Le Clan du Golfe, l’ELN et les dissidents des FARC profitent de l’absence de réglementation pour amplifier leur contenu.   

    Comme les politiciens et les entreprises, les groupes armés ont rejoint le monde numérique, avec des stratégies pour différents réseaux sociaux. Ils établissent des positions politiques sur X (Twitter), recrutent des enfants et des jeunes avec des vidéos trompeuses sur TikTok et intimident des communautés par le biais de boucles WhatsApp. Des groupes tels que le Clan del Golfo, l’ELN et les dissidents des FARC occupent un nouveau champ de bataille. 

 Chaque réseau social permet d’atteindre un public différent, explique Angie González (à El País), experte en communication politique et professeur à l’Universidad Externado. Les messages sur X sont généralement destinés aux politiciens et aux journalistes. « Qu’on le veuille ou non, X a la capacité de fixer l’agenda des médias. Même s’il ne s’agit pas d’un des réseaux les plus utilisés, ce qui s’y dit est repris le lendemain dans les médias ». WhatsApp et Facebook, en revanche, permettent de communiquer directement avec les habitants des municipalités sous leur contrôle. Ces deux plateformes sont souvent associées à des forfaits de téléphonie mobile et leur couverture s’étend jusqu’aux zones rurales les plus reculées. D’autres réseaux sociaux plus visuels sont utilisés pour attirer un public plus jeune. 
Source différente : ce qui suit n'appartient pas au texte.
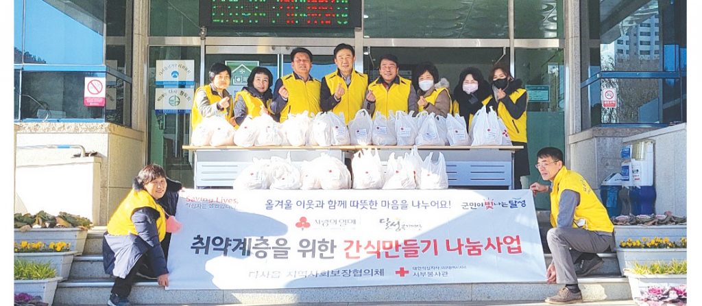 다사읍 지역사회보장협의체(공공위원장 표준식, 민간위원장 정무상)는 지난 14일(수) 관내 차상위계층에 직접 만든 간식(빵)과 두유 등을 전달하는 ‘취약계층을 위한 간식만들기 나눔사업’을 진행했다.
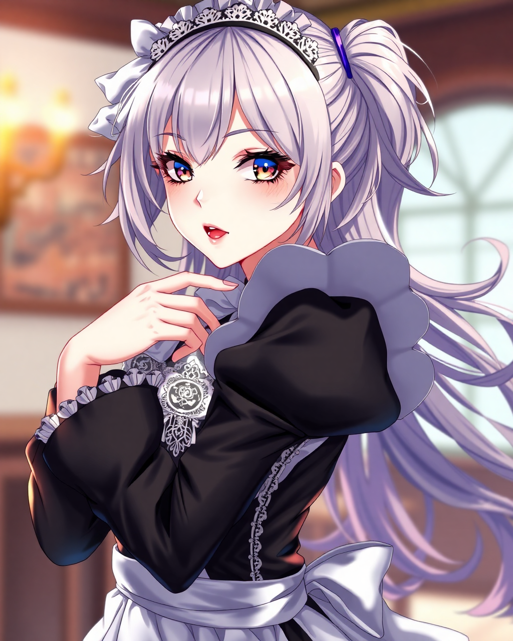 Highly detailed, anime-style girl, beautiful face, smooth porcelain skin, vivid lipstick, perfect makeup, alluring expression, sexy pose, wearing a classic maid outfit with intricate lace details, black and white contrast, elegant and stylish design, soft lighting, background blurred to enhance focus on the character, highly detailed fabric textures, dynamic and flowing hair, vibrant colors
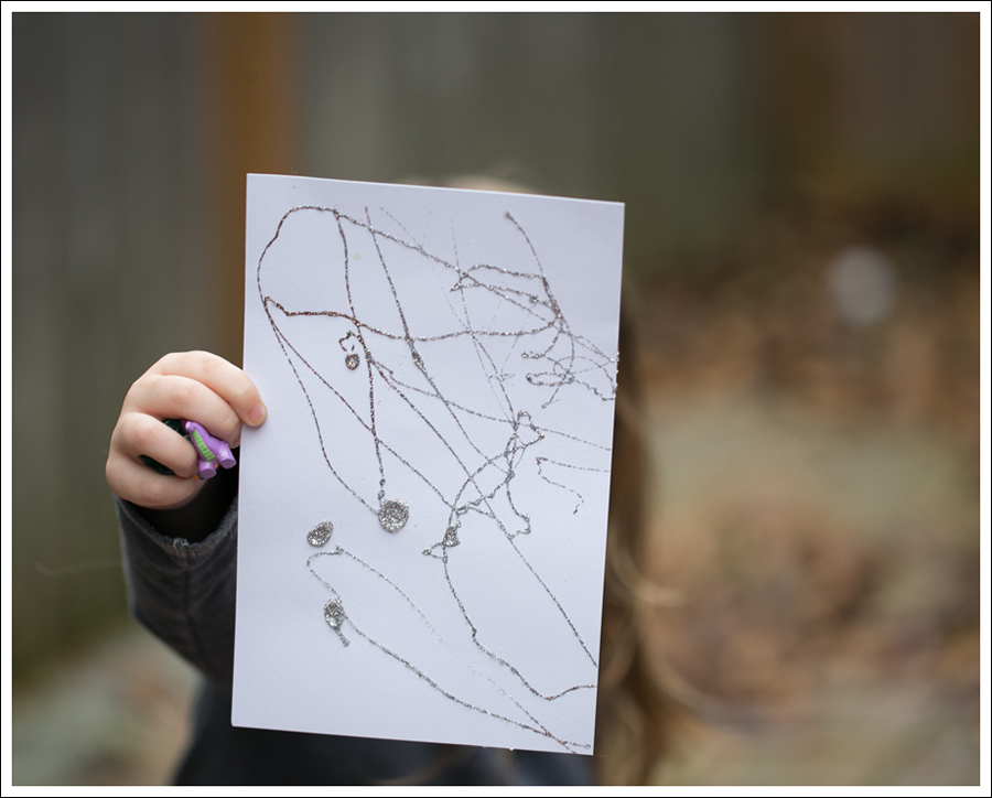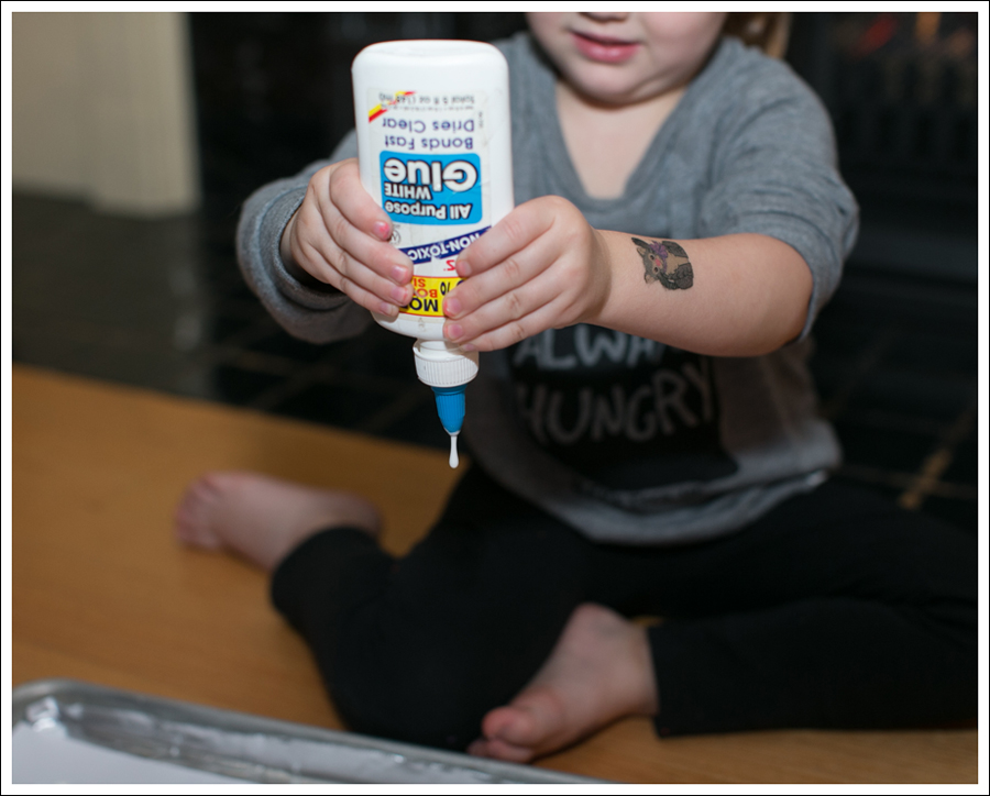 - Let your toddler drizzle the glue all over. I had to rotate the cookie sheet a few times and guide her around so that there wasn’t just a big puddle haha, but she got the hang of it. The best part is that it’s her design!

 Les groupes armés ont utilisé le X pour promouvoir leurs identités politiques et ainsi aspirer à de plus grands avantages judiciaires dans les dialogues avec le gouvernement. Le Gulf Clan, un groupe de trafiquants de drogue sans reconnaissance politique a déclaré qu’il ne parlerait à l’exécutif que s’il était reconnu comme l’Armée gaitaniste de Colombie, une référence à sa revendication de l’héritage de Jorge Eliécer Gaitán (ancien maire de Bogota, assassiné en 1948). « Notre identité est sacrée et nous n’acceptons pas le terme Clan du Golfe », ont-ils déclaré au haut-commissaire pour la paix et au négociateur en chef du gouvernement.  

 Le succès de ces messages est limité. Les négociateurs et les journalistes sont attentifs à l’activité des comptes, mais les arguments contenus dans les communiqués sont peu crédibles et ne parviennent pas à légitimer les groupes armés. Il y a quelques semaines, par exemple, le Clan du Golfe a contesté devant X un rapport de la respectable ONG CINEP, qui dénonçait les crimes environnementaux du groupe de narcotrafiquants. La société civile n’a pas tardé à condamner les clandestins. 

 L’étude d’Indepaz, publiée en septembre, a identifié au moins 95 profils de recruteurs potentiels. « Allons à la guérilla », « les guerriers ne se rendent jamais » ou  «[les guérilleros] sont les meilleurs pour danser » sont quelques-uns des messages repérés grâce à l’intelligence artificielle. Leonardo González, directeur de l’ONG, explique que 60 comptes ont déjà été fermés en raison de l’alerte qu’ils ont lancée aux autorités. « Bien que tous les acteurs armés aient profité de la portée de ce réseau, nous avons constaté que les dissidents des FARC sont ceux qui ont les stratégies les plus claires pour recruter des adolescents par le biais de ces canaux », explique-t-il. 

 Le Clan du Golfe est la plus grande organisation armée de Colombie impliqué dans le narcotrafic mais aussi dans la déforestation.